The essence of that judgment was that once someone is within their legitimate stay in St. Maarten an application for residency can be submitted without the applicant being required to leave the island and await the decision abroad.

“The decision handed down by the Appellate Court on January 15, 2021, sets a precedent just like the decision of May 8, 2017, for directors who are applying for residency, as the Appellate Court basically rejects the arguments of the minister of justice who has continuously wrongfully determined that directors of companies must be off island if they are a first-time applicant and have previously been in St. Maarten outside of their legitimate stay,” Brooks explained.

“Our office used the published procedures and guidelines to convince the court that the minister of justice has been wrongfully rejecting directors using the off-island requirement as grounds for rejection, whereas the Guide to Residency, Part I, that is published alludes to the possibility of having a director reside on island prior to obtaining residency without that illegal stay being used against the director when applying for residency.
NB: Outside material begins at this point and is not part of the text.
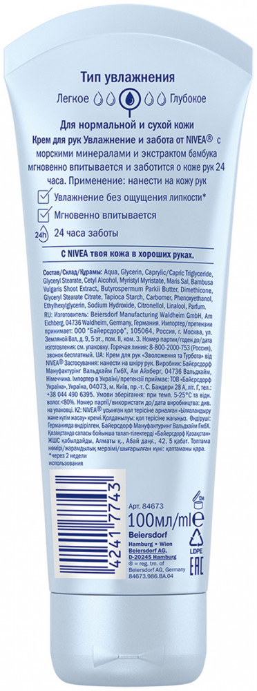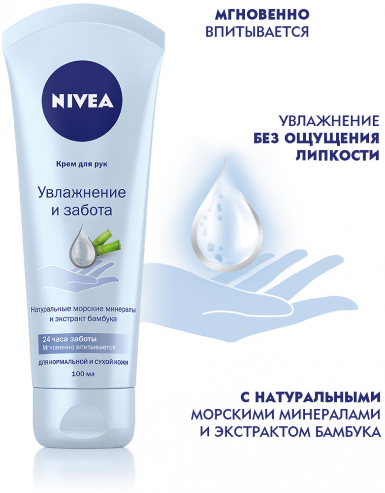 NIVEA Крем для рук «Увлажнение и забота»В данный момент этот товар отсутствует в продаже. Возможно, у нас найдется аналогичный или похожий товар здесь. Крем для рук «Увлажнение и забота» от NIVEA содержит в своем составе морские минералы и экстракт бамбука, обеспечивают нежный уход и увлажнение в течение 24 часов. Легкая текстура мгновенно впитывается, не оставляя ощущения липкости на коже. |

“The Appellate Court agreed with the director in this case that it cannot be ascertained from the policy that the off-island requirement is also applicable for the purpose of employment based on directorship.

“With this recent decision from the Appellate Court, it is evident that the minister of justice over the years has been wrongfully rejecting requests without complying with the general principles of good governance, which is required as a government body established by law,” Brooks said.

The minister of justice was ordered to make a new decision in the director’s case based on the Appellate Court’s considerations in the verdict. The minister was also ordered to pay legal fees of NAf. 1,400.